→ EXERCISE DIRECTIONS
Your answer must match, word for word, the lines from the one holding "Met de Serre" through the final line below, with pictures excluded.

→ INFORMATION GIVEN
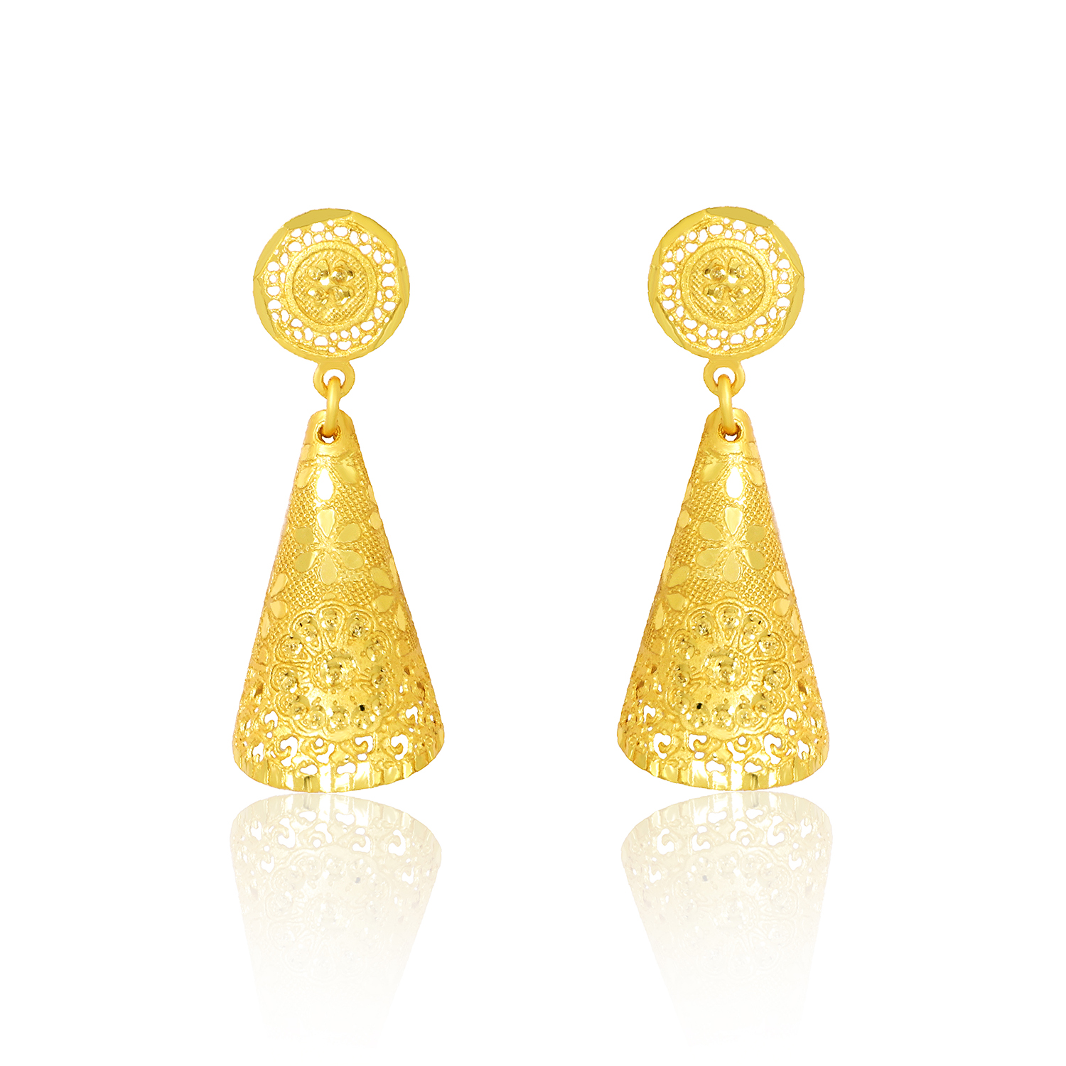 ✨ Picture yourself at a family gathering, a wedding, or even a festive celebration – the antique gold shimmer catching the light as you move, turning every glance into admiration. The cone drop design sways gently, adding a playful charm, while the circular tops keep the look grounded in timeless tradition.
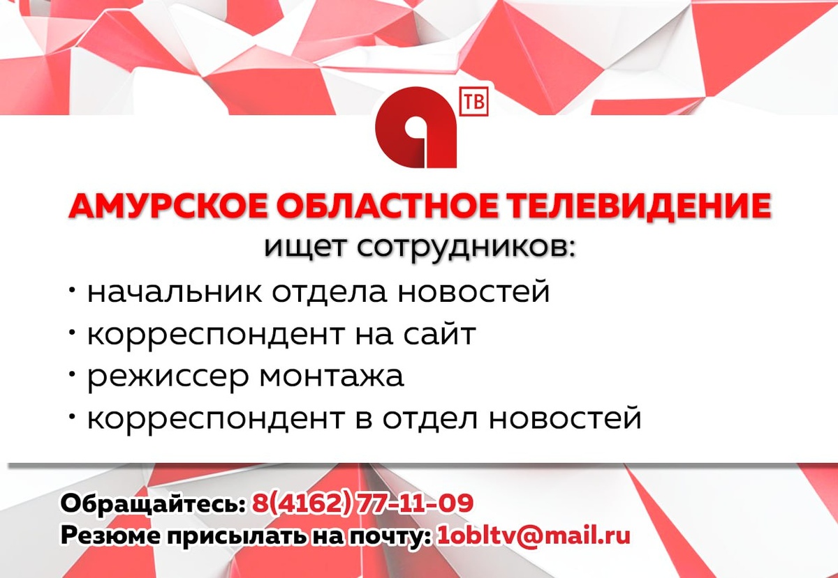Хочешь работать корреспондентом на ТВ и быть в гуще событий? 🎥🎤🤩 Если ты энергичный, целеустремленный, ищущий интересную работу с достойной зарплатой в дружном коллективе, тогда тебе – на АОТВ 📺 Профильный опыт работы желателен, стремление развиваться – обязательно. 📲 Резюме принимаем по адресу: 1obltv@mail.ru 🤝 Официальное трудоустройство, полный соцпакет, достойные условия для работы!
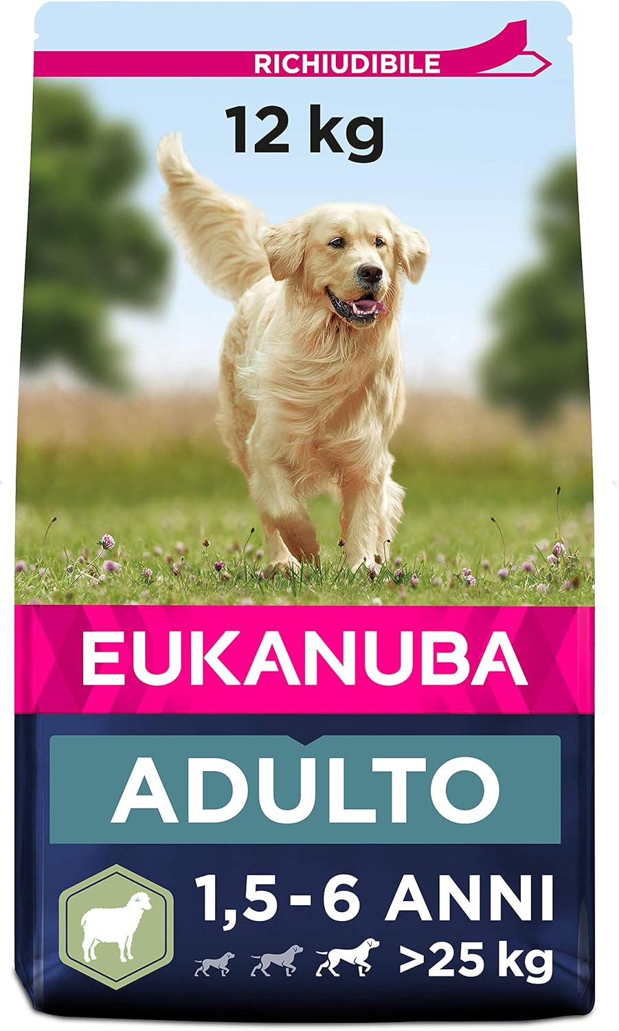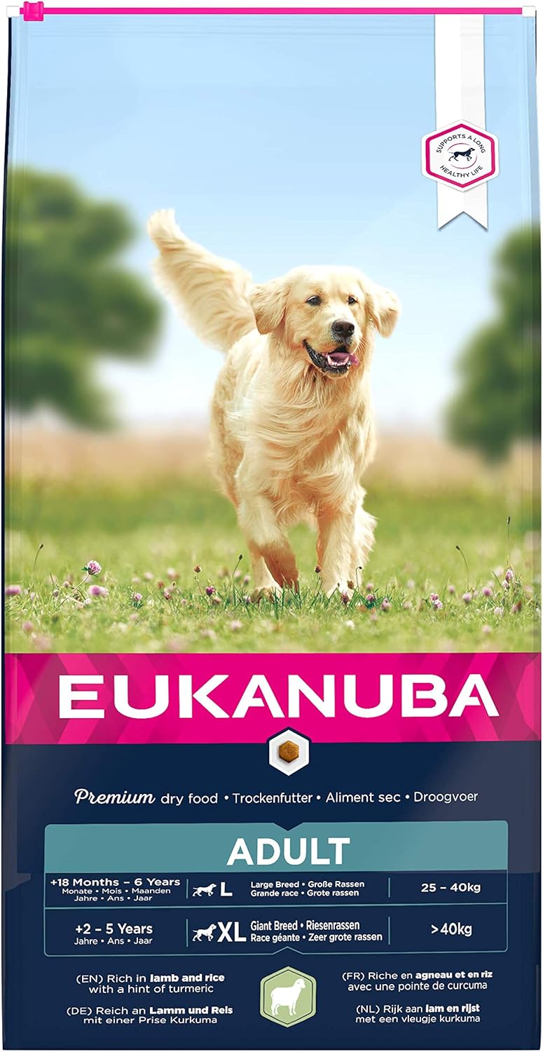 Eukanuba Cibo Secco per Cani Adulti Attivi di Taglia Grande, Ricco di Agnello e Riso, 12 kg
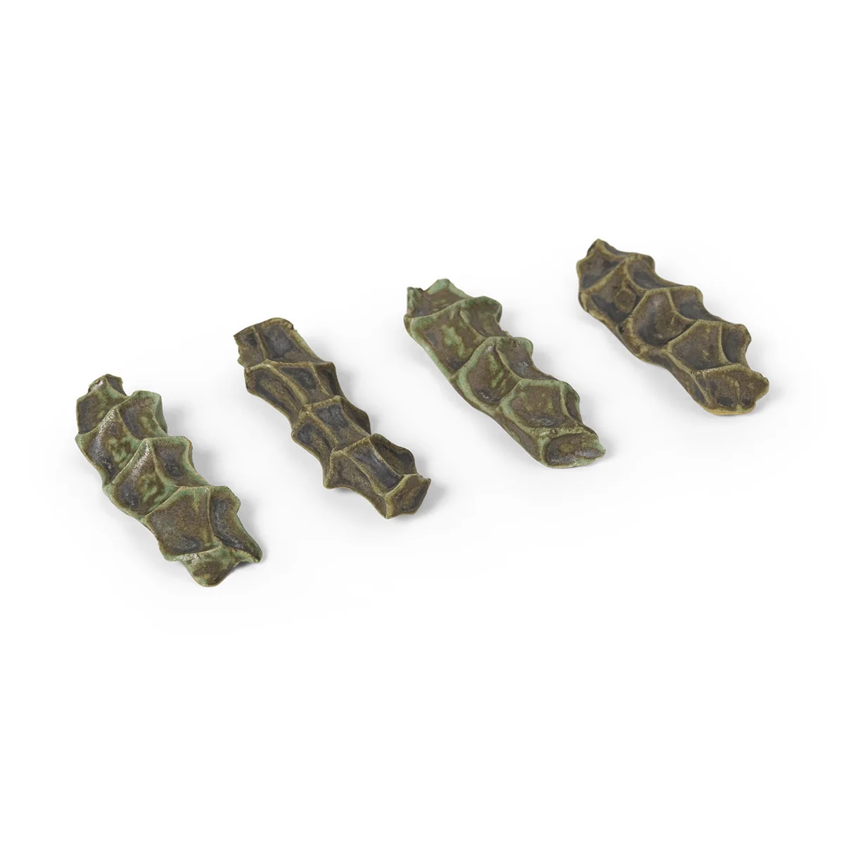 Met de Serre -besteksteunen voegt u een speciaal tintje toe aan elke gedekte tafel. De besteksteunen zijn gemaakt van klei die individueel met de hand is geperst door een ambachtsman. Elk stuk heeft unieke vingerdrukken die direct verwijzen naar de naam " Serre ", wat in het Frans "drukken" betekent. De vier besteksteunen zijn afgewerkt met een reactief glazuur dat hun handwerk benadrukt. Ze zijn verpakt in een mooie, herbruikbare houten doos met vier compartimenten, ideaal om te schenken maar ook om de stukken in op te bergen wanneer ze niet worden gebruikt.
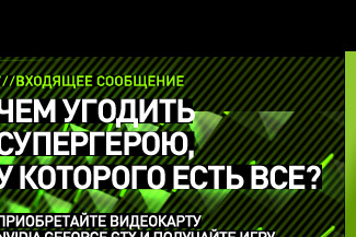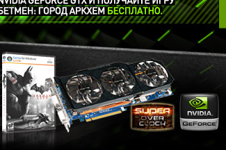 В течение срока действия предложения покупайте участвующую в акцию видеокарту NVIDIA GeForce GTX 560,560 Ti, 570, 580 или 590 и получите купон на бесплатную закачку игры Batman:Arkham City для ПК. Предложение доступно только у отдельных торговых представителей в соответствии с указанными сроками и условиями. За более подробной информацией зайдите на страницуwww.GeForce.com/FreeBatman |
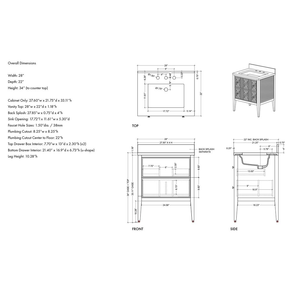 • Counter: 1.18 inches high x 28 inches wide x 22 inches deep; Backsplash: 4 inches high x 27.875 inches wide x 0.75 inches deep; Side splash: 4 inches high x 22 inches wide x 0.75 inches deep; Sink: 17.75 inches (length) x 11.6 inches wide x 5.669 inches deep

→ EXPECTED OUTPUT
 Met de Serre -besteksteunen voegt u een speciaal tintje toe aan elke gedekte tafel. De besteksteunen zijn gemaakt van klei die individueel met de hand is geperst door een ambachtsman. Elk stuk heeft unieke vingerdrukken die direct verwijzen naar de naam " Serre ", wat in het Frans "drukken" betekent. De vier besteksteunen zijn afgewerkt met een reactief glazuur dat hun handwerk benadrukt. Ze zijn verpakt in een mooie, herbruikbare houten doos met vier compartimenten, ideaal om te schenken maar ook om de stukken in op te bergen wanneer ze niet worden gebruikt.
 В течение срока действия предложения покупайте участвующую в акцию видеокарту NVIDIA GeForce GTX 560,560 Ti, 570, 580 или 590 и получите купон на бесплатную закачку игры Batman:Arkham City для ПК. Предложение доступно только у отдельных торговых представителей в соответствии с указанными сроками и условиями. За более подробной информацией зайдите на страницуwww.GeForce.com/FreeBatman |
 • Counter: 1.18 inches high x 28 inches wide x 22 inches deep; Backsplash: 4 inches high x 27.875 inches wide x 0.75 inches deep; Side splash: 4 inches high x 22 inches wide x 0.75 inches deep; Sink: 17.75 inches (length) x 11.6 inches wide x 5.669 inches deep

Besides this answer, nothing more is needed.